- INPUT DATA
+ + +
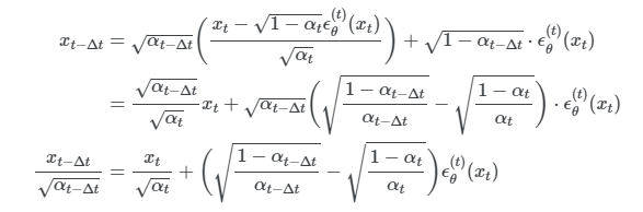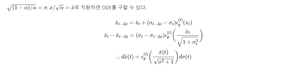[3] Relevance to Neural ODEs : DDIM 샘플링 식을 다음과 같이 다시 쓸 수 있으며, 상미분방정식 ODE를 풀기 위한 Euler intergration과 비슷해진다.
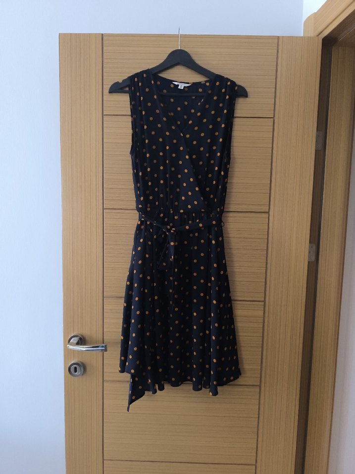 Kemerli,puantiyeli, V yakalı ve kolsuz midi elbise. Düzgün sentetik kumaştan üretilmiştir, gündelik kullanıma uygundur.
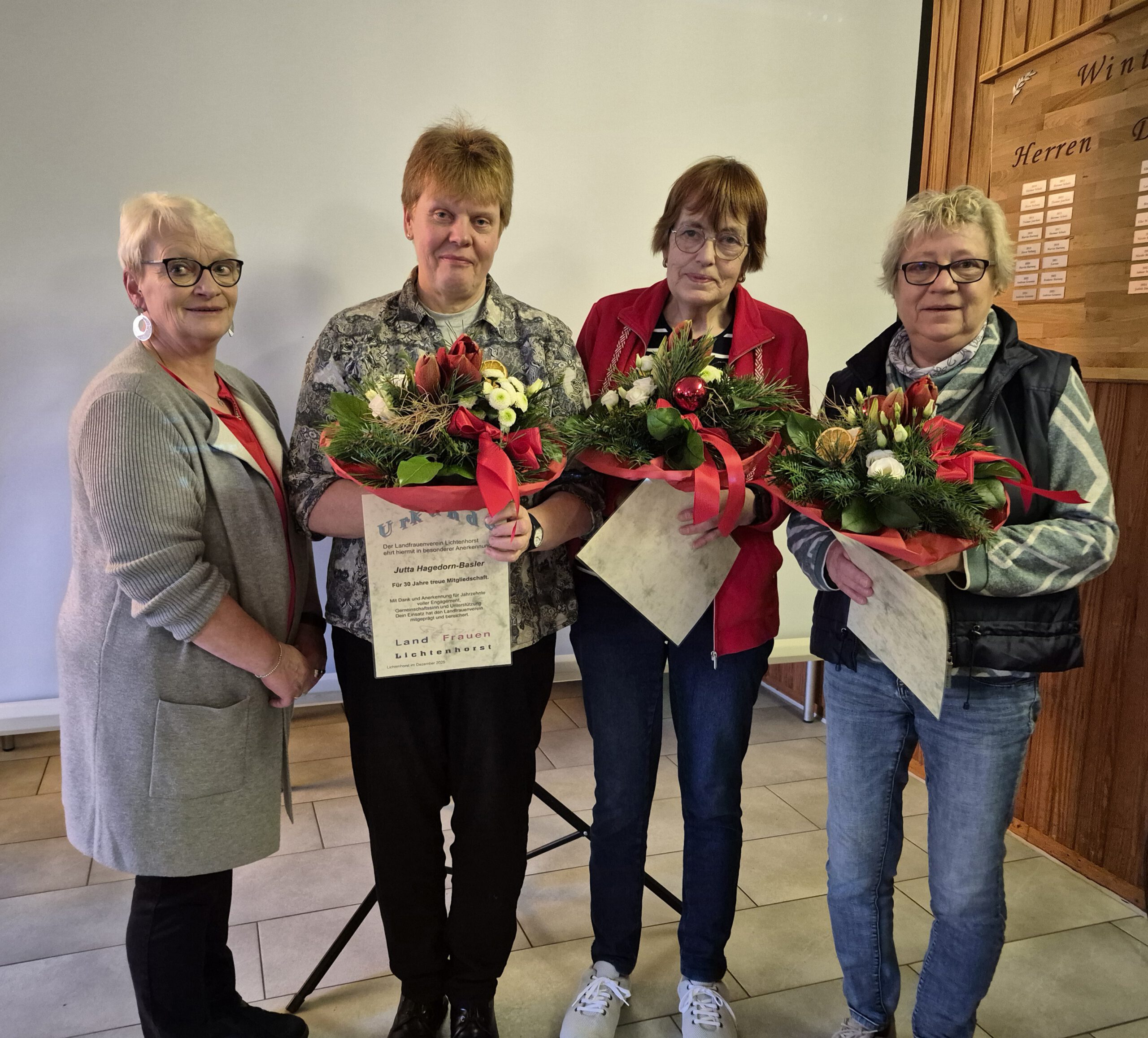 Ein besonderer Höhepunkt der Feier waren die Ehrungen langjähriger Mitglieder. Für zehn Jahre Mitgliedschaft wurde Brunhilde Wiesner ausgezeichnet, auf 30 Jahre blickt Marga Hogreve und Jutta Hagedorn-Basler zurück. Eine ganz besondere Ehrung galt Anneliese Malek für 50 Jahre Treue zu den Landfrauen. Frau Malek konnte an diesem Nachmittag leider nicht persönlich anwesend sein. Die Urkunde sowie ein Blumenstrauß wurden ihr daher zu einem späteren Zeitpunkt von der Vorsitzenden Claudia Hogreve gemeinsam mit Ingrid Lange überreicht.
+ + +
Go from the first line of the data above to the line containing "Kemerli,puantiyeli, V yakalı" and retype exactly those lines, both included, but none of the pictures.

[3] Relevance to Neural ODEs : DDIM 샘플링 식을 다음과 같이 다시 쓸 수 있으며, 상미분방정식 ODE를 풀기 위한 Euler intergration과 비슷해진다.
 Kemerli,puantiyeli, V yakalı ve kolsuz midi elbise. Düzgün sentetik kumaştan üretilmiştir, gündelik kullanıma uygundur.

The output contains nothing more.